**Directions for this task**.
Pictures aside, return every line below exactly as written.

**Data extract**.
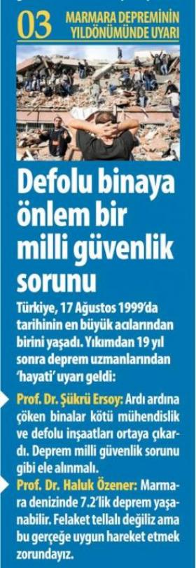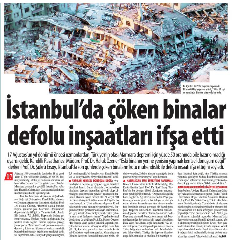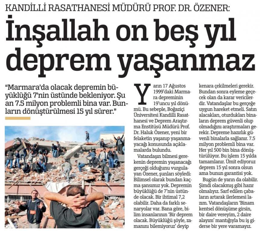 Kandilli Rasathanesi Müdürü Prof. Dr. Özener: İnşallah on beş yıl deprem yaşanmaz
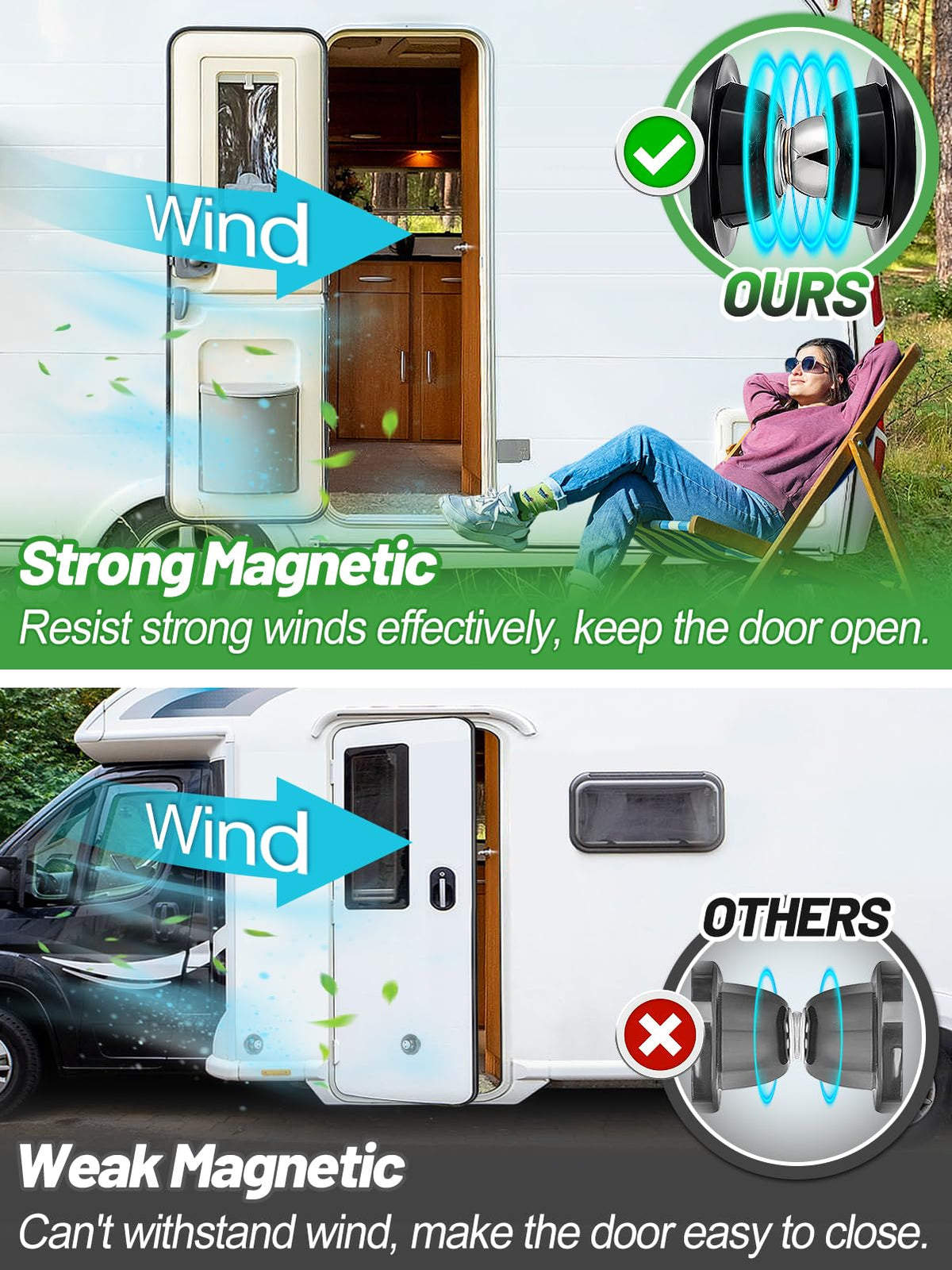 RV Magnetic Door Catch with Adhesives - Easy to Install Camper Trailer Door Holder, Sturdy Stopper for RV Accessories, 1 Pack
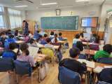 文学的文章の学習をしています。担任が全部を読んで聞かせています。 子どもたちは、...
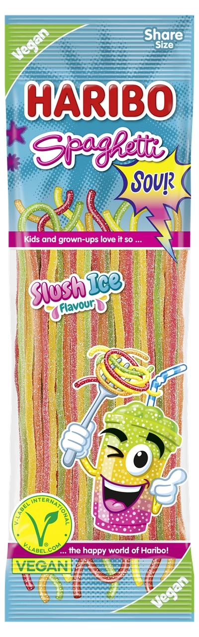 Savanykás, spaghetti alakú gyümölcsgumi a frissítő Slush-Ice ízvilág jegyében.

**Solution**.
 Kandilli Rasathanesi Müdürü Prof. Dr. Özener: İnşallah on beş yıl deprem yaşanmaz
 RV Magnetic Door Catch with Adhesives - Easy to Install Camper Trailer Door Holder, Sturdy Stopper for RV Accessories, 1 Pack
 文学的文章の学習をしています。担任が全部を読んで聞かせています。 子どもたちは、...
 Savanykás, spaghetti alakú gyümölcsgumi a frissítő Slush-Ice ízvilág jegyében.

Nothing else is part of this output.